Exercise details
Return every record below exactly as given, images excluded.

:: Recorded data

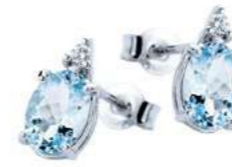
Art. OMO640 Orecchini AM ct. 0.85 Diam. ct.0,03 Gold 18 kt. gr. 0,80
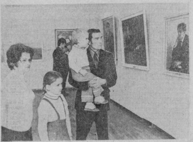
Шахримиздаги Ўзбекистон ССР Давлат санъат музейи заллари ҳар кунин узоқликдан келган томошабинлар билан гавжум бўлади. СУРАТДА: томошабинлар экспонатларни зўр қизиқиш билан кўздан кечиришмоқдалар.

Лекин 1970 кейинчалик 1972 йил охирига келиб, тасаддайлар осмон қушида учиб келадиган фаршталар ҳам ўзларига ўхшаган одам эканлигини тушуниб қолдилар. Фақат экспедицияларга бошчилик қиладиган Мануэль Элисалдегина
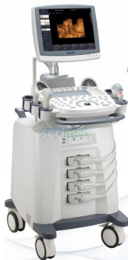
échographe : 14.000 €

Association « Un Sourire pour le Togo » 19 rue du Geffental 68610 LAUTENBACH-ZELL
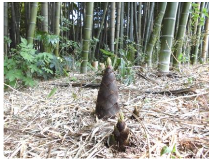
ヒョッコリ顔を出したタケノコ
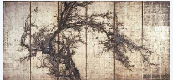
山本梅逸《墨梅図》(左隻)1819(文政2)年頃

当館が所蔵する江戸時代の近世絵画、近代以降の日本画より、特に当館が誇る優品、島根県出身や来遊画家の作品など、島根ゆかりの美術を紹介します。

::::

Exercise answer
Art. OMO640 Orecchini AM ct. 0.85 Diam. ct.0,03 Gold 18 kt. gr. 0,80
Шахримиздаги Ўзбекистон ССР Давлат санъат музейи заллари ҳар кунин узоқликдан келган томошабинлар билан гавжум бўлади. СУРАТДА: томошабинлар экспонатларни зўр қизиқиш билан кўздан кечиришмоқдалар.

Лекин 1970 кейинчалик 1972 йил охирига келиб, тасаддайлар осмон қушида учиб келадиган фаршталар ҳам ўзларига ўхшаган одам эканлигини тушуниб қолдилар. Фақат экспедицияларга бошчилик қиладиган Мануэль Элисалдегина
échographe : 14.000 €

Association « Un Sourire pour le Togo » 19 rue du Geffental 68610 LAUTENBACH-ZELL
ヒョッコリ顔を出したタケノコ
山本梅逸《墨梅図》(左隻)1819(文政2)年頃

当館が所蔵する江戸時代の近世絵画、近代以降の日本画より、特に当館が誇る優品、島根県出身や来遊画家の作品など、島根ゆかりの美術を紹介します。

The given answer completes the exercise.